Colorectal SRCC is a rare subtype of colorectal cancer with distinctive molecular characteristics, including a low incidence of KRAS, PIK3CA, and APC mutations1. A study shows that diffuse infiltrating colorectal SRCC with little or no extracellular mucin is more invasive and has a worse prognosis than mucin-rich SRCC, which is often accompanied by peritoneal dissemination15. This suggests that there is a certain relationship between the morphology of tumor cells in colorectal SRCC and their biological behavior. Compared with gastric SRCC, colorectal SRCC exhibit more aggressive biological behavior and patients were often diagnosed with neoplasms of greater size, which explained the limited number of T1 and T2 cases in our cohort, hence we only analyze the status of lymph node involvement of colorectal SRCC. This part of the analysis cohort consists of 218 HE stained WSIs taken from primary lesions of colorectal SRCC, which are either negative or exhibit metastases in sentinel lymph nodes.

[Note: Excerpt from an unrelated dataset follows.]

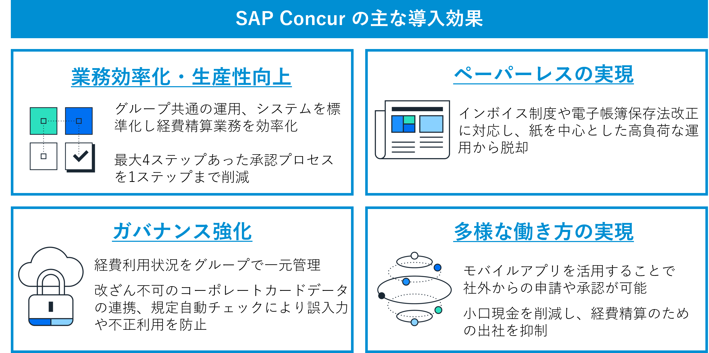 SAP Concurは、出張、経費、請求書管理を統合したソリューションを提供する世界有数のブランドであり、これらのプロセスの簡素化と自動化を追求しています。高い評価を得ているSAP Concurのモバイルアプリは、社員の出張をサポートし、経費を自動で入力し、請求書の承認を自動化します。AIを使いリアルタイムのデータを統合、分析することで、効率的な支出管理を行うことが可能です。SAP Concurのソリューションは、手間の掛かる作業をなくし、お客様の業務効率化に貢献、最高の状態でビジネスを進めることができるようサポートします。詳細はconcur.comまたはSAP Concur ブログをご覧ください。

Compared with gastric SRCC, colorectal SRCC has larger SC (p < 0.001) and SN (p = 0.002), while the NCR was lower (p = 0.003). It is worth noting that atypia of colorectal SRCC is more obvious than gastric SRCC which is mainly reflected in SC SD (p < 0.001), SN SD (p < 0.001), and EP SD (p = 0.031) (Supplementary Table 3). The results are consistent with the objective fact that the prognosis of colorectal SRCC is worse, and further explain its aggressive biological behavior.

In addition, our results further confirmed some independent significant predictors of lymph node metastasis in colorectal SRCC. We found the SC (p = 0.001), SN (p = 0.001) and EP (p = 0.001) were the most correlated inherent properties with lymph node involvement (Supplementary Table 4). The cases with lymph node involvement have bigger cell and nuclear cross-sectional area than the rests, while the cell ellipticity is relatively smaller. SC SD (p = 0.001), SN SD (p = 0.001) and are the most related parameters of atypia with lymph node metastasis. Moreover, EP (HR 2.836, 95%CI 0.224–35.906, p = 0.002) and SN SD (HR 22.672, 95%CI 2.808–183.03, p = 0.001) were identified as independent significant predictors of lymph node metastasis in colorectal SRCC (Fig. 4). Obviously, in cases with lymph node involvement, the atypia of cancer cells is greater in all three categories. When colorectal SRCC lymph nodes are involved, the tumor cells have greater sizes with enlarged, irregular-shaped nuclei. The results show that we can predict the metastatic potential of different cases from the morphology of signet ring cells. Studies have shown that in many types of cancer, compared with non-metastatic cells, the membrane of metastatic cells tends to be softer mechanically, and there are common changes in other physical properties, such as traction, migration behavior, and mechanical stiffness. Tumor cells’ transformation through accumulating mutations, leading to a complex and highly heterogeneous of morphological characteristics and physical properties16.

Figure 4
figure 4

Forest plot of lymph node involvement in colorectal SRCC. The cutoff value of each index is calculated by the Youden's index and its corresponding optimal cutoff point. HR hazard ratio. X axis is scaled by logarithmed HR.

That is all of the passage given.